# Workers comp in Ohio



## ATH (Dec 14, 2009)

Am I missing something, or did anybody else notice that with the new rules the minimum rate for Ohio's worker's comp will not be 23.4% for our industry?? :jawdrop: :censored: 

Gotta love the state-run monopolies


----------



## loadthestove (Jan 2, 2010)

Not sure if it is true or not,but a customer of mine who is in the logging business recently told me that he had a logging job on federal land in Tenn.
On this particular job his workers comp on his timber cutters coasted him 90 %.
He was unaware of this when he bid the job and he told me that what he thought was going to be a good job,,nearly bankrupted him.


----------



## ATH (Jan 2, 2010)

Workers comp per the job??? Isn't that a policy you carry for all operations?
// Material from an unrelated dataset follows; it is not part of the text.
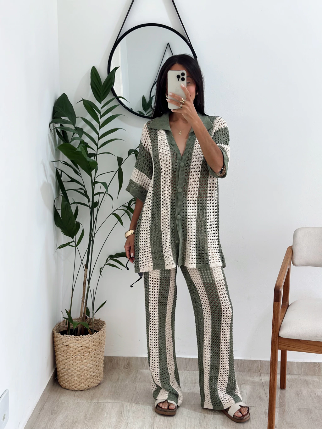 Elegante e contemporâneo, o conjunto em tricô traz o equilíbrio perfeito entre conforto e estilo. A blusa tipo camisa alongada, com modelagem oversized, apresenta botões frontais que permitem diferentes formas de uso: aberta, sobreposta ou fechada. Criando um visual moderno e despretensiosamente sofisticado. O tricô de ponto mais aberto confere leveza e textura à peça, tornando-a ideal para produções cheias de personalidade.

I suppose if he normally operates in another state, he would have needed a different policy to work in Tenn...but that shouldn't have anything to do with whose land you are on.

What State does he normally operate in? Tenn is not one of the 4 monopolistic states (lucky) like Ohio (idiotic) is, so he should have been able to shop the open market for WC. None of the states that border TN are monopolistic... 

My first guess is that the company "earned" the high rate (though past acidents). How else 

Having said all of that: it wouldn't surprise me if the Forest Service has some dumb policy forcing people to buy outrageous supplimental insurance. As nobel as the foundations of that agency are, it has become absolutely worthless. They either need to convert all USFS land to Parks or sell it off...

Back to workers comp: I'm here crying because there is NOTHING we can do in Ohio to find a rate below 23.4% (I think that will start July 1, 2010). Brilliant move to make that change when unemployment is at a decades high...


----------



## cuznguido (Jan 2, 2010)

IMO the Workers Comp racket in Ohio is the single biggest obstacle facing the new business in that state. Even for established firms it is atrocious. BTDT.


----------



## greenguy08 (Jan 16, 2010)

Look into group rating, ATH


----------



## ATH (Jan 16, 2010)

greenguy08 said:


> Look into group rating, ATH


I have group rating. Without group rating, tree care would currently be taxed at an addtional 48.6% :jawdrop: We pay 14.3615% with group rating.

Because of the "Rate reform" OBWC did, rate group rating cannot lower what you owe by more than 51% of the industry base rate...meaning the lowest possible rate will be 23.4%.

I am hoping that somebody can show me that this is untrue. But I'm pretty sure we are all stuck July 1 2010.

I know we'll be finding ways to lower payroll to make up for that extra 9%. That probably means fewer hours. The other thing I think I will look into is whether it is legit to form another company with employees who do not use power equipment, apply pesticides, etc... (landscaping?) and when anybody is dragging brush, they will be on that company's payroll. I know logging companies often have a second trucking company to lessen the pain inflicted by worker's comp taxes, but I am not sure if the employees are allowed to switch 'employers' throughout the day?

Somebody PLEASE tell me I have read something wrong and I can stay at 14.4% (that is bad enough...).


----------



## greenguy08 (Jan 16, 2010)

WTF! I'm hearing more about this-sounds like you're right! Like profit margins aren't tight enough! Every percent counts.


----------